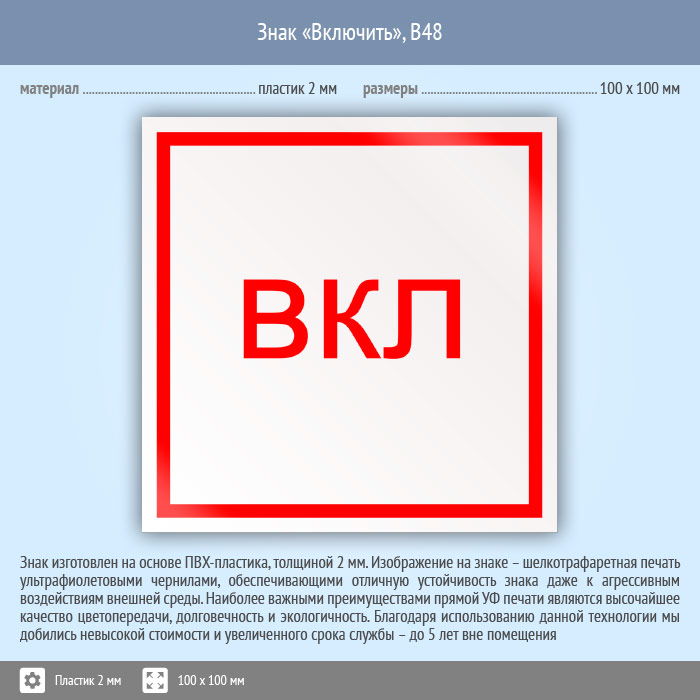 Знак «Включить», B48 (пластик, 100х100 мм) в Твери купить
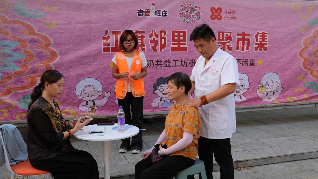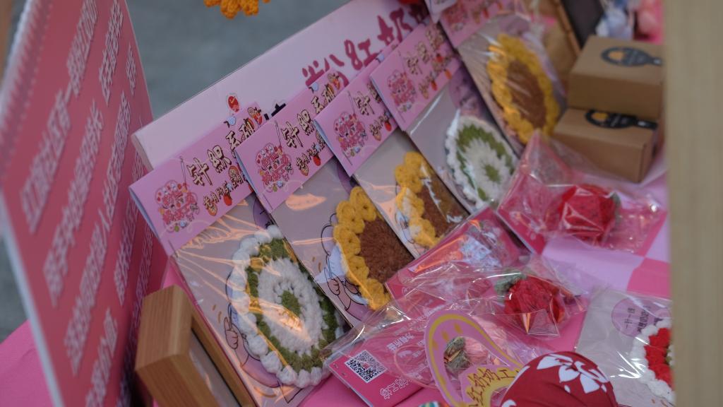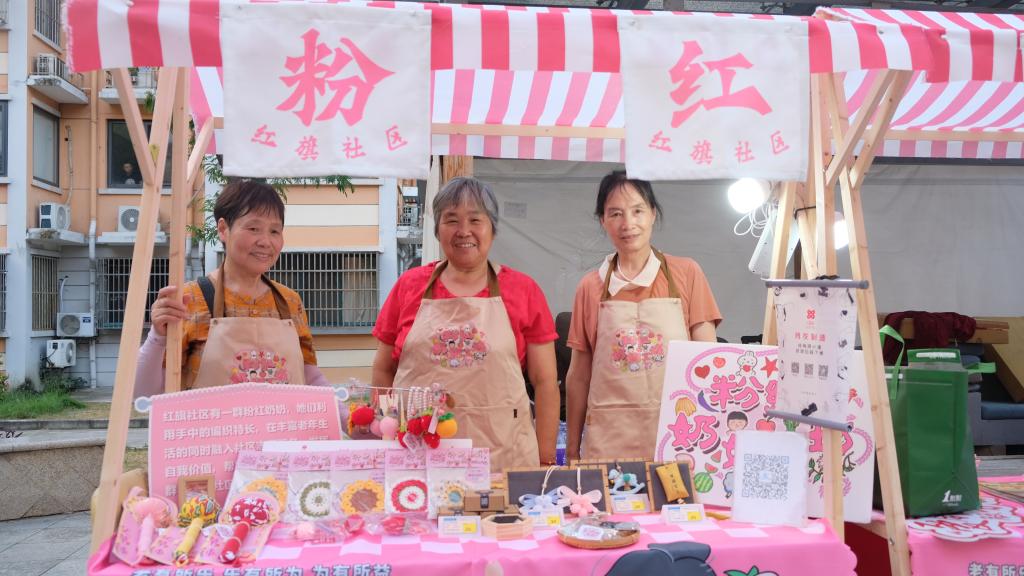 夕阳西下,六个摊位在广场上依次亮起,晚风轻拂,吹动着摊位上精巧的手工艺品。这些作品出自社区粉红奶奶们之手,而精美的包装设计则来自非凡电子娱乐平台
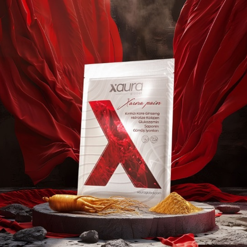 X Aura Pain, gelişmiş formülüyle kas ve eklem ağrılarına doğal destek sunar. İçeriğindeki Kırmızı Kore Ginseng, Hidrolize Kolajen, Glukozamin, Saponin ve Gümüş İyonları sayesinde dolaşımı destekler, vücudu rahatlatır ve uzun süreli kullanımda iyileşme sürecine katkıda bulunur.
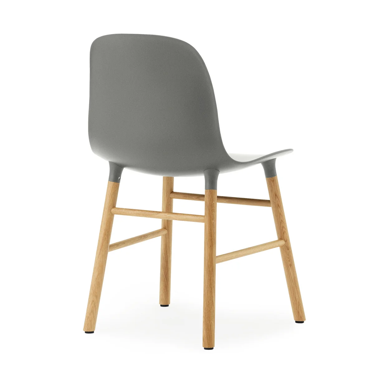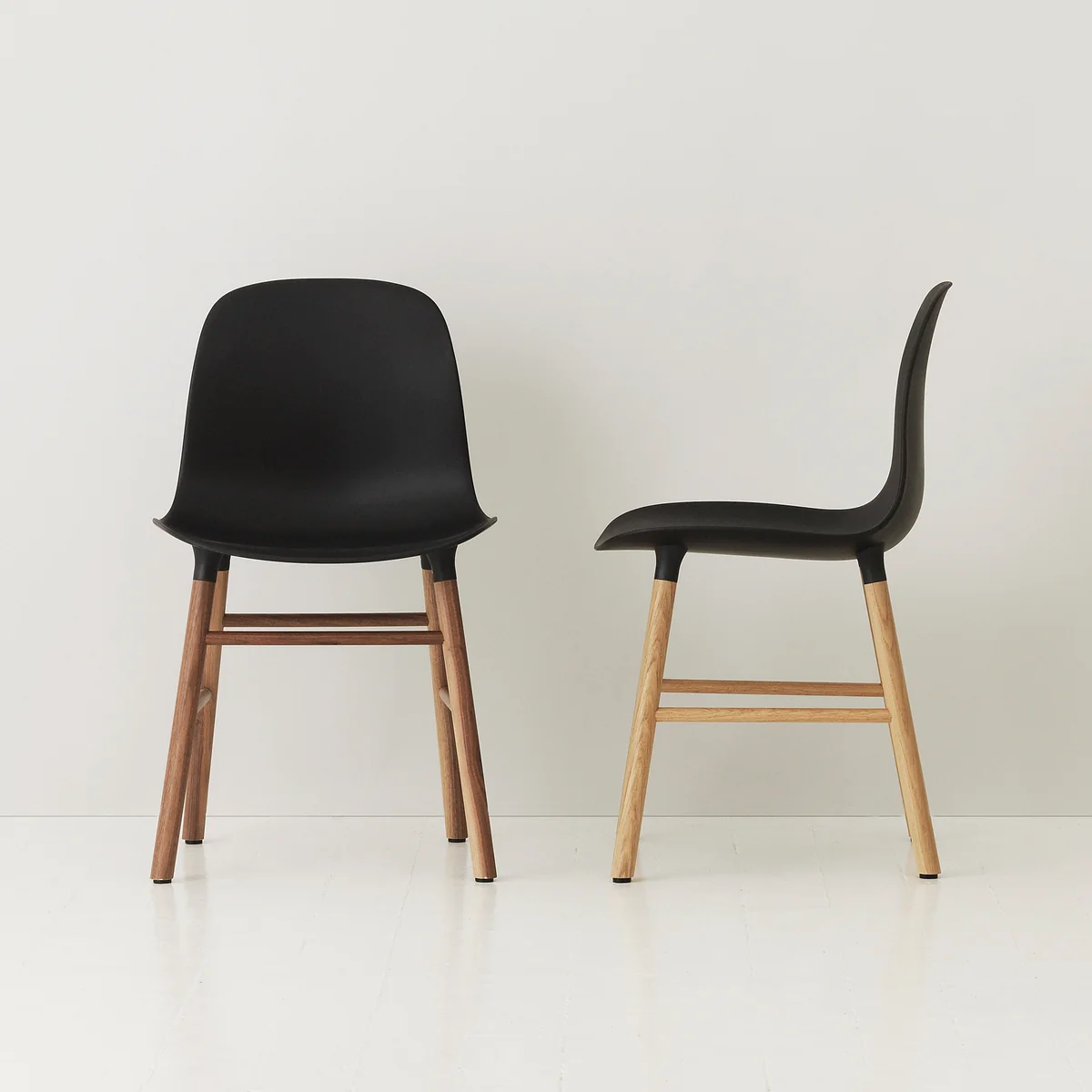 Mit der Mission, einen Schalenstuhl mit einzigartigem Design zu kreieren, hat Simon Legald den Form Chair für Normann Copenhagen gestaltet. Um die nahtlose Optik zu erzeugen, hat Legald eine neue Methode erschaffen, um die Holzbeine mit dem Stuhl zu verbinden: Die Sitzschale besitzt Steckverbindungen, in welche die Beine eingesteckt werden. So entsteht eine Optik mit weichen Übergängen und ohne harte Kanten - die Beine wirken fast, als würden sie aus dem Stuhl wachsen.
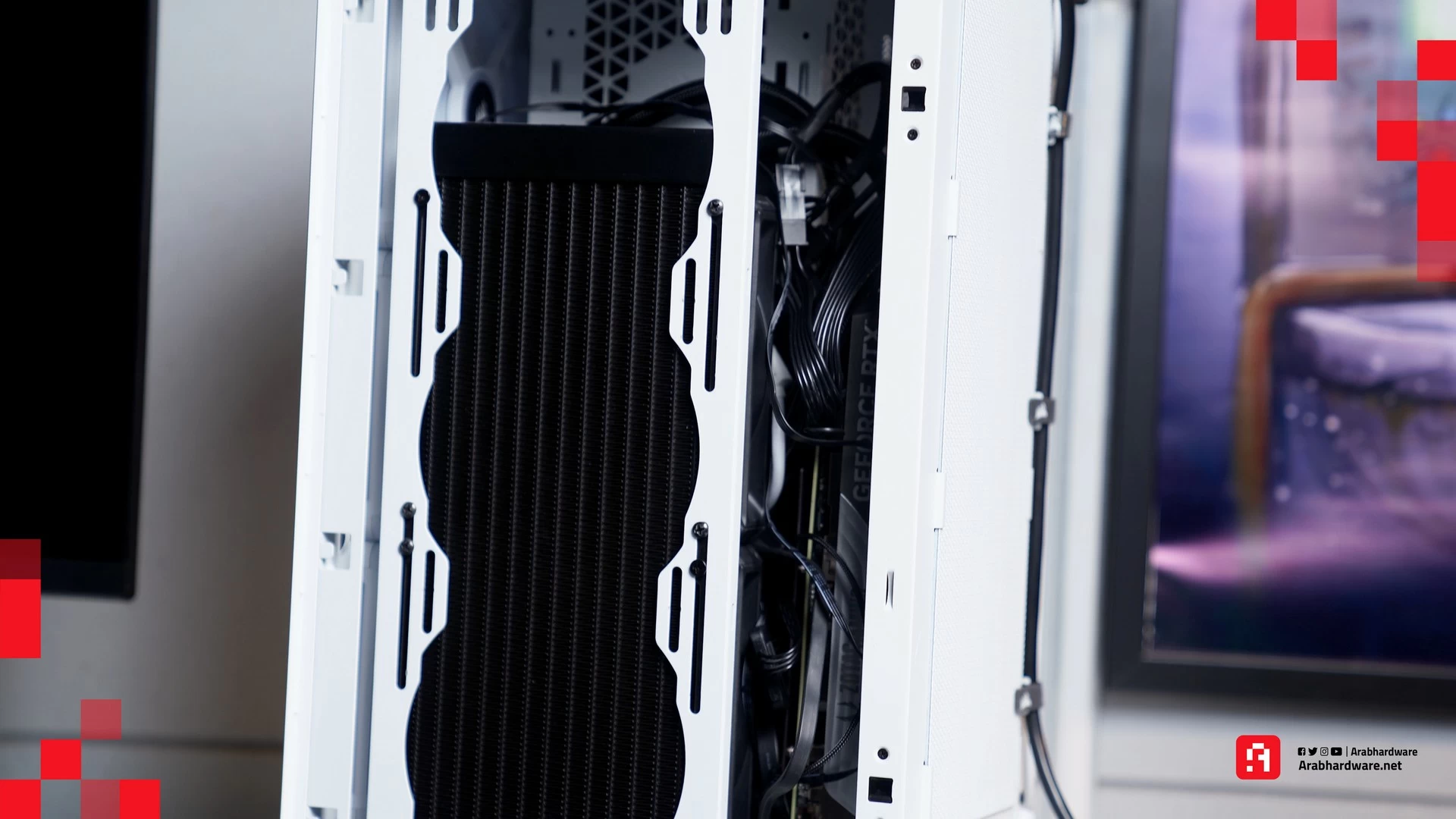 التبريد المائي في هذه الكيس مُمكن بشكلٍ كامل، حيث ستوفر لك الكيس دعم العديد من مبردات AIO بما في ذلك القدرة على تركيب مبردات بحجم 360 ملم على الجانب، و 240 ملم في الخلف (في حال ركّبت كارت شاشة بفتحة واحدة).
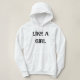 Hoodie mit "LIKE A GIRL" oben geschrieben.
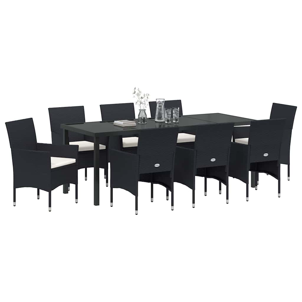 Dieses moderne Gartendining-Set strahlt Eleganz und Vielseitigkeit aus – ideal für alle, die gerne draußen feiern oder entspannen. Mit klaren Linien und minimalistischem Design passt es perfekt in jeden Garten oder auf jede Terrasse und schafft einen einladenden Ort, um die Natur zu genießen. Pulverbeschichteter Stahlrahmen: Ein robuster Rahmen sorgt dafür, dass dieses Set allen Wetterlagen standhält und sorgt für stabilen Gebrauch. Die pulverbeschichtete Oberfläche sieht klasse aus und macht das Set zum perfekten Begleiter im Freien, das ganzjährig genutzt werden kann. Poly-Rattan Rücken und Armlehnen: Die Kombination aus Poly-Rattan für die Rückenlehne und Armlehnen bringt Stil und Komfort mit ergonomischer Unterstützung. Dieses Material ist UV-beständig und bleibt somit auch bei direkter Sonneneinstrahlung, immer ansprechend. Gehärtete Glas Tischoberfläche: Eine schicke gehärtete Glasplatte sorgt für eine einfache Pflege und hält auch intensiven Anwendungsbedingungen stand. Das Glasdesign passt super in ein modernes Außenambiente und bleibt funktional und stilvoll. Wetterfeste Kissen: Die Kissen sind unter verschiedenen Wetterbedingungen ein komfortabler Hit. Hochwertiger Stoff sorgt dafür, dass sie lange halten. Die Schaumfüllung macht das Sitzen auch nach längerem Gebrauch angenehm und ist perfekt für entspannte Sommerabende. Sommerbereit: Dieses Set ist so konzipiert, dass es jede Terrasse oder jeden Garten aufwertet. Es lässt sich leicht montieren und benötigt nur zwei Personen und einen Schraubendreher – perfekt, um deinen Außenbereich mühelos zu optimieren.
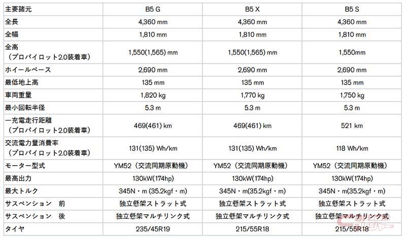 今回新たに発表したB5グレードでは、ベースとなる3代目リーフの広々とした室内空間、EVならではの力強く静かな走行性能、先進の運転支援技術の採用などの魅力を継承しつつ、55kWhのバッテリーを搭載したモデル。
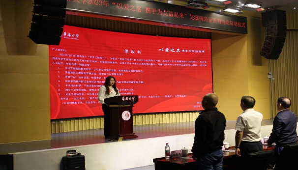 世界艾滋病 12月1日是“世界艾滋病日” 11月28日下午,“以爱之名 携手为艾益起来”艾滋病防治系列活动线下启动仪式在华侨大学顺利召开! 此次出席线下启动仪式的嘉宾有泉州市疾病预防控制中心相关领导、丰泽区疾病预防控制中心相关领导、华侨大学预防艾滋病健康教育工作领导小组相关领导,华侨大学学生处、校团委、数学科学学院、校医院相关负责人以及泉州市高校青春红丝带学生联盟、华侨大学青春红丝带协会、华侨大学数学科学学院团委学生会、华侨大学广播台等单位相关负责人。 下面一起来回顾会议议程 华侨大学副校长许志勇致辞
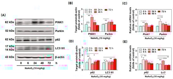 After having confirmed acute inorganic arsenic-induced hepatic redox imbalance and subsequent macrophage polarization in the liver, we ruminated about how to seek effective molecule targets to ameliorate arsenical oxidative and immune toxicity. Based on these considerations, we found that PINK1/Parkin-mediated mitophagy could effectively clear damaged mitochondria, preventing mtROS from bursting and provoking cascaded inflammation in the entire cells []. Consequently, western blotting and real-time qPCR were performed to detect hepatic protein expression of PINK1/Parkin-mediated mitophagy. As shown in Figure 4A–E, we observed the highest expression of PINK1 and Parkin at 24 h, which were 1.96 and 1.28 folds that of the control group, after the single oral administration of NaAsO2 (Figure 4A,D). Accompanied with the upregulation of PINK1 and Parkin, autophagy-related protein p62 and LC3 II/I were also verified to increase both at 6 and 72 h (Figure 4A,D). Consistently, mRNA levels of Pink1, Parkin, p62 and Lc3 were confirmed to increase in the liver at 6 or 24 h, after the treatment with the metalloid (Figure 4C,E). These data together suggested that acute arsenic exposure activated the PINK1/Parkin-mediated mitophagy in liver.
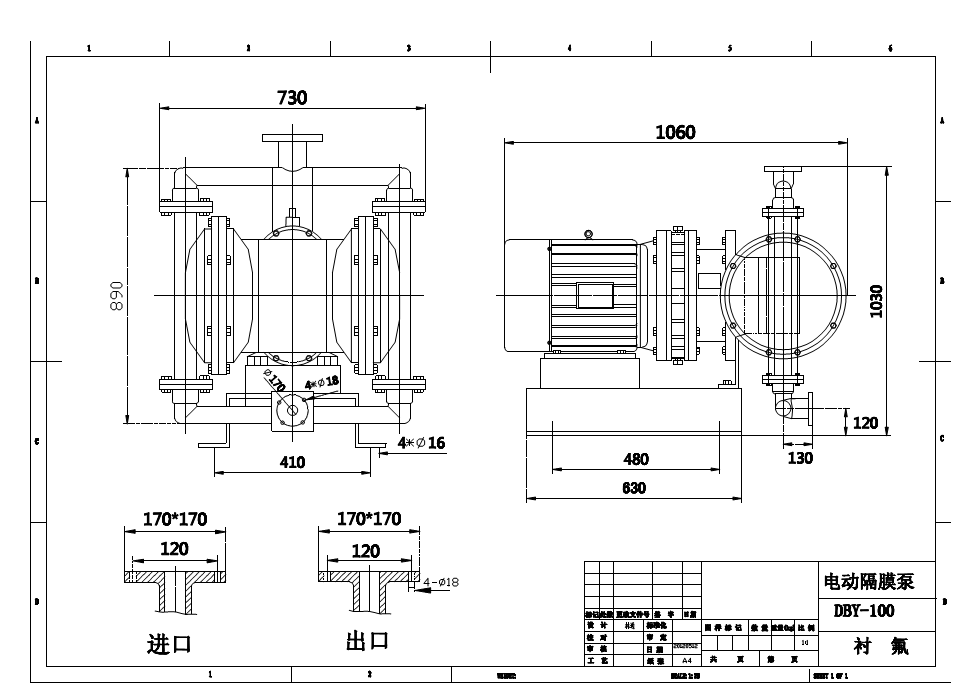 DBY-100臥式襯氟電動(dòng)隔膜泵安裝尺寸圖:
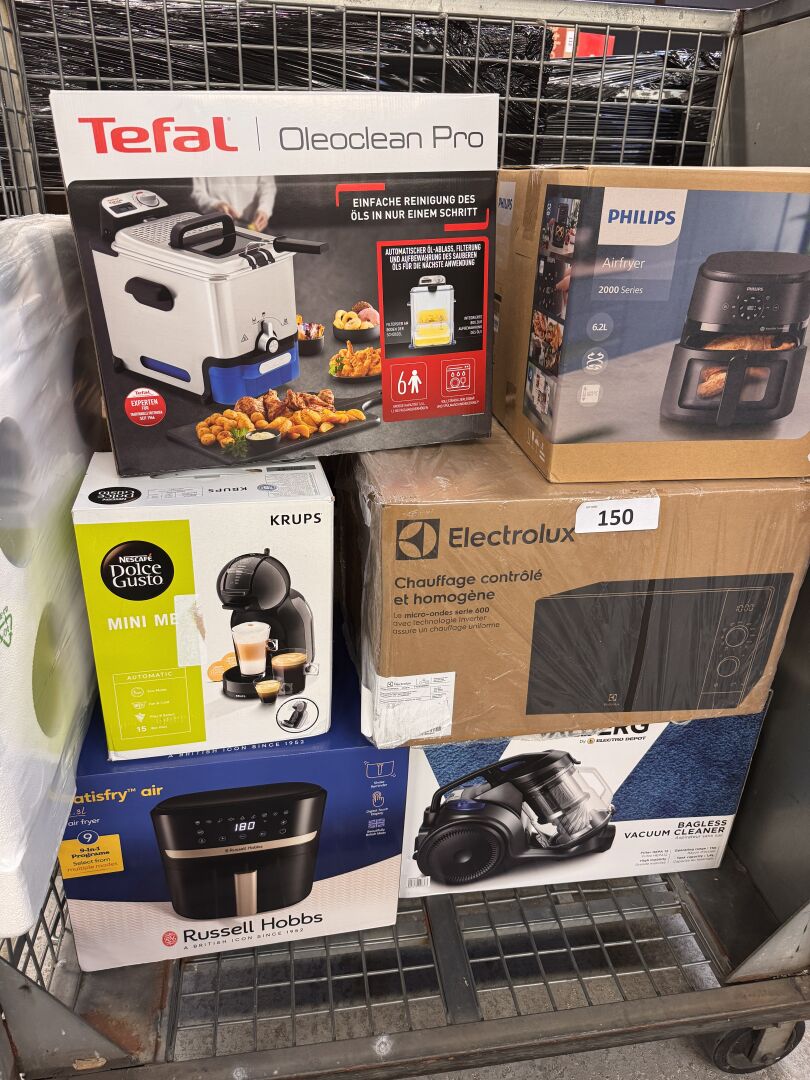 LOT DE PETITS ELECTROMENAGERS DONT MACHINE A CAFE, ASPIRATEUR, AIRFRYER (expédition sur devis) Lot issu de colis non réclamés : état de fonctionnement non garanti.

═══

§ **Required action**: Your copy must match the records above exactly, apart from the pictures, which are excluded.

§ **Response area**:
 Знак «Включить», B48 (пластик, 100х100 мм) в Твери купить
 夕阳西下,六个摊位在广场上依次亮起,晚风轻拂,吹动着摊位上精巧的手工艺品。这些作品出自社区粉红奶奶们之手,而精美的包装设计则来自非凡电子娱乐平台
 X Aura Pain, gelişmiş formülüyle kas ve eklem ağrılarına doğal destek sunar. İçeriğindeki Kırmızı Kore Ginseng, Hidrolize Kolajen, Glukozamin, Saponin ve Gümüş İyonları sayesinde dolaşımı destekler, vücudu rahatlatır ve uzun süreli kullanımda iyileşme sürecine katkıda bulunur.
 Mit der Mission, einen Schalenstuhl mit einzigartigem Design zu kreieren, hat Simon Legald den Form Chair für Normann Copenhagen gestaltet. Um die nahtlose Optik zu erzeugen, hat Legald eine neue Methode erschaffen, um die Holzbeine mit dem Stuhl zu verbinden: Die Sitzschale besitzt Steckverbindungen, in welche die Beine eingesteckt werden. So entsteht eine Optik mit weichen Übergängen und ohne harte Kanten - die Beine wirken fast, als würden sie aus dem Stuhl wachsen.
 التبريد المائي في هذه الكيس مُمكن بشكلٍ كامل، حيث ستوفر لك الكيس دعم العديد من مبردات AIO بما في ذلك القدرة على تركيب مبردات بحجم 360 ملم على الجانب، و 240 ملم في الخلف (في حال ركّبت كارت شاشة بفتحة واحدة).
 Hoodie mit "LIKE A GIRL" oben geschrieben.
 Dieses moderne Gartendining-Set strahlt Eleganz und Vielseitigkeit aus – ideal für alle, die gerne draußen feiern oder entspannen. Mit klaren Linien und minimalistischem Design passt es perfekt in jeden Garten oder auf jede Terrasse und schafft einen einladenden Ort, um die Natur zu genießen. Pulverbeschichteter Stahlrahmen: Ein robuster Rahmen sorgt dafür, dass dieses Set allen Wetterlagen standhält und sorgt für stabilen Gebrauch. Die pulverbeschichtete Oberfläche sieht klasse aus und macht das Set zum perfekten Begleiter im Freien, das ganzjährig genutzt werden kann. Poly-Rattan Rücken und Armlehnen: Die Kombination aus Poly-Rattan für die Rückenlehne und Armlehnen bringt Stil und Komfort mit ergonomischer Unterstützung. Dieses Material ist UV-beständig und bleibt somit auch bei direkter Sonneneinstrahlung, immer ansprechend. Gehärtete Glas Tischoberfläche: Eine schicke gehärtete Glasplatte sorgt für eine einfache Pflege und hält auch intensiven Anwendungsbedingungen stand. Das Glasdesign passt super in ein modernes Außenambiente und bleibt funktional und stilvoll. Wetterfeste Kissen: Die Kissen sind unter verschiedenen Wetterbedingungen ein komfortabler Hit. Hochwertiger Stoff sorgt dafür, dass sie lange halten. Die Schaumfüllung macht das Sitzen auch nach längerem Gebrauch angenehm und ist perfekt für entspannte Sommerabende. Sommerbereit: Dieses Set ist so konzipiert, dass es jede Terrasse oder jeden Garten aufwertet. Es lässt sich leicht montieren und benötigt nur zwei Personen und einen Schraubendreher – perfekt, um deinen Außenbereich mühelos zu optimieren.
 今回新たに発表したB5グレードでは、ベースとなる3代目リーフの広々とした室内空間、EVならではの力強く静かな走行性能、先進の運転支援技術の採用などの魅力を継承しつつ、55kWhのバッテリーを搭載したモデル。
 世界艾滋病 12月1日是“世界艾滋病日” 11月28日下午,“以爱之名 携手为艾益起来”艾滋病防治系列活动线下启动仪式在华侨大学顺利召开! 此次出席线下启动仪式的嘉宾有泉州市疾病预防控制中心相关领导、丰泽区疾病预防控制中心相关领导、华侨大学预防艾滋病健康教育工作领导小组相关领导,华侨大学学生处、校团委、数学科学学院、校医院相关负责人以及泉州市高校青春红丝带学生联盟、华侨大学青春红丝带协会、华侨大学数学科学学院团委学生会、华侨大学广播台等单位相关负责人。 下面一起来回顾会议议程 华侨大学副校长许志勇致辞
 After having confirmed acute inorganic arsenic-induced hepatic redox imbalance and subsequent macrophage polarization in the liver, we ruminated about how to seek effective molecule targets to ameliorate arsenical oxidative and immune toxicity. Based on these considerations, we found that PINK1/Parkin-mediated mitophagy could effectively clear damaged mitochondria, preventing mtROS from bursting and provoking cascaded inflammation in the entire cells []. Consequently, western blotting and real-time qPCR were performed to detect hepatic protein expression of PINK1/Parkin-mediated mitophagy. As shown in Figure 4A–E, we observed the highest expression of PINK1 and Parkin at 24 h, which were 1.96 and 1.28 folds that of the control group, after the single oral administration of NaAsO2 (Figure 4A,D). Accompanied with the upregulation of PINK1 and Parkin, autophagy-related protein p62 and LC3 II/I were also verified to increase both at 6 and 72 h (Figure 4A,D). Consistently, mRNA levels of Pink1, Parkin, p62 and Lc3 were confirmed to increase in the liver at 6 or 24 h, after the treatment with the metalloid (Figure 4C,E). These data together suggested that acute arsenic exposure activated the PINK1/Parkin-mediated mitophagy in liver.
 DBY-100臥式襯氟電動(dòng)隔膜泵安裝尺寸圖:
 LOT DE PETITS ELECTROMENAGERS DONT MACHINE A CAFE, ASPIRATEUR, AIRFRYER (expédition sur devis) Lot issu de colis non réclamés : état de fonctionnement non garanti.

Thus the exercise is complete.